FL2: Driving slower than others, but not too slow, isn’t cause for a stop

Driving slower than others, but not too slow, isn’t cause for a stop. The use of community caretaking function as an excuse here doesn’t work because there are no objective facts to support it. Agreda v. State, 2014 Fla. App. LEXIS 19703 (Fla. 2d DCA December 3, 2014):

The detective’s subjective intentions aside, the circumstances of this case simply did not present an objective basis for a stop pursuant to law enforcement’s so-called community caretaking function. See Holland v. State, 696 So. 2d 757 (Fla. 1997) (adopting test of objective reasonableness for traffic stops as enunciated in Whren v. United States, 517 U.S. 806, 116 S. Ct. 1769, 135 L. Ed. 2d 89 (1996)). “Even a stop pursuant to an officer’s community caretaking responsibilities … must be based on specific articulable facts showing that the stop was necessary for the protection of the public.” Majors v. State, 70 So. 3d 655, 661 (Fla. 1st DCA 2011). Although the car was traveling below the speed limit, its speed was within the legally permissible range. The detective’s concern about the driving speed was based in part on his observation that people generally drove over the speed limit, not under it. On appeal, the State points to this testimony and asserts that the car was actually traveling 30 miles per hour less than the normal practice. But it would be a strange world indeed if under the Fourth Amendment a search and seizure could be justified by the subject’s failure to engage in typical law-breaking behavior.

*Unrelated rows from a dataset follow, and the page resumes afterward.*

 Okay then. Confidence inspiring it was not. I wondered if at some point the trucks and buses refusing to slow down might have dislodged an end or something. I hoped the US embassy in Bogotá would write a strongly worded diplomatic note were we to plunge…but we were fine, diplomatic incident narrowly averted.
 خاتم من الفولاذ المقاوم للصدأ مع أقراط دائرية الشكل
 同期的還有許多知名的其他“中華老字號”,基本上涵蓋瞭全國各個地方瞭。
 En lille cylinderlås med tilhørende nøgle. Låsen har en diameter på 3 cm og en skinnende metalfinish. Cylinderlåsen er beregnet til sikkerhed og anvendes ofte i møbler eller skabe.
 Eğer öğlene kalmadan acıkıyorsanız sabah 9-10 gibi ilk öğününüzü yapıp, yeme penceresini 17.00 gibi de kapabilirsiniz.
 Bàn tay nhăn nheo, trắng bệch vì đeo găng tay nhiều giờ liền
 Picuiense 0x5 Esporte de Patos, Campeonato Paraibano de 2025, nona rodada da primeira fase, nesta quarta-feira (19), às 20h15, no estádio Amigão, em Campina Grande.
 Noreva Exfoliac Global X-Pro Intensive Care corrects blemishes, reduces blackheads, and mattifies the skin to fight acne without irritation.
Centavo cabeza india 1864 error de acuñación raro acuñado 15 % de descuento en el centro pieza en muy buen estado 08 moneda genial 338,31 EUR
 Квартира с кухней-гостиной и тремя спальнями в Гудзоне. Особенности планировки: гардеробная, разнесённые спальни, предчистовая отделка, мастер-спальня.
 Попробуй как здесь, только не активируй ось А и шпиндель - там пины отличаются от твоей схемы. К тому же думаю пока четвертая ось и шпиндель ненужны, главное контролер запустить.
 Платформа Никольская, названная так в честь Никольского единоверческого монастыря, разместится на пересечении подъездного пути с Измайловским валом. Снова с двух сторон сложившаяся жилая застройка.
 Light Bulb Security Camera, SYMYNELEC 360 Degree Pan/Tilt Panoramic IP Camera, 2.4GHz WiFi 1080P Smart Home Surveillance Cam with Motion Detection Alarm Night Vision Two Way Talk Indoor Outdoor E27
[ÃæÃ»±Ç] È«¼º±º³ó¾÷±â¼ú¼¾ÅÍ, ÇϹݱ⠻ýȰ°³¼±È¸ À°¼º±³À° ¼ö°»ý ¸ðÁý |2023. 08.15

Here, the detective observed nothing to objectively suggest that there was a problem with the car or driver. In the absence of something more than simply driving more slowly than most motorists, the stop here was not justified. See Faunce v. State, 884 So. 2d 504 (Fla. 1st DCA 2004) (invalidating stop when car, on dirt road at night, was traveling twenty miles below speed limit but was not swerving or giving indication of mechanical trouble); cf. Bailey v. State, 319 So. 2d 22 (Fla. 1975) (upholding stop, although suppressing evidence for other reasons, when car was weaving and traveling below posted speed on Florida Turnpike); State v. Davidson, 744 So. 2d 1180 (Fla. 2d DCA 1999) (concluding that stop was justified when car was traveling below speed limit and continually correcting after drifting over the line).